_TASK GOAL_
Print exactly, and only, the lines from the one that has "设月季花有$x$棵,因为菊花比月季花多$6$棵,所以菊花有$x + 6$棵。已知菊花和月季花一共有$72$棵,可列方程:$x" through the end of the material below, with both ends included and the pictures omitted.

═════ AVAILABLE DATA

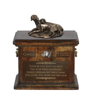 Handcrafted from birch wood, the urn is adorned with aesthetic wreaths, with the central feature being a statue of a dog. The figurine is securely attached to a removable lid. The urn is equipped with convenient brass handles. The front of the urn features engraved plaques with text that can be customized. Provide your dog's name, date of birth and death, and if desired, a quote, and we will engrave it on the urn, creating a unique memorial for your pet.
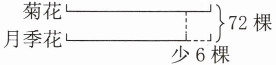 设月季花有$x$棵,因为菊花比月季花多$6$棵,所以菊花有$x + 6$棵。已知菊花和月季花一共有$72$棵,可列方程:$x + (x + 6) = 72$,$2x + 6 = 72$,$2x = 72 - 6$,$2x = 66$,$x = 33$。
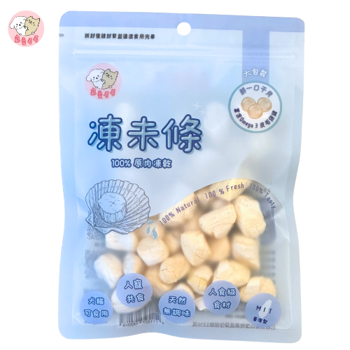 干貝中含有豐富蛋白質與O-Mega3,適量的補充對於保持毛毛皮膚毛髮健康有良好的效果。
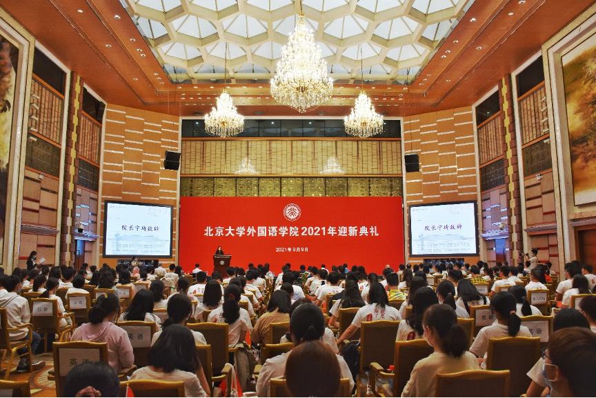 在热烈的掌声中,院长宁琦分别为本科新生和研究生新生送上开学寄语。宁老师代表学院全体师生员工欢迎新生们相聚外文楼下,成为北大外院的“新家人”。

══════════

_OUTPUT FOR THIS TASK_
 设月季花有$x$棵,因为菊花比月季花多$6$棵,所以菊花有$x + 6$棵。已知菊花和月季花一共有$72$棵,可列方程:$x + (x + 6) = 72$,$2x + 6 = 72$,$2x = 72 - 6$,$2x = 66$,$x = 33$。
 干貝中含有豐富蛋白質與O-Mega3,適量的補充對於保持毛毛皮膚毛髮健康有良好的效果。
 在热烈的掌声中,院长宁琦分别为本科新生和研究生新生送上开学寄语。宁老师代表学院全体师生员工欢迎新生们相聚外文楼下,成为北大外院的“新家人”。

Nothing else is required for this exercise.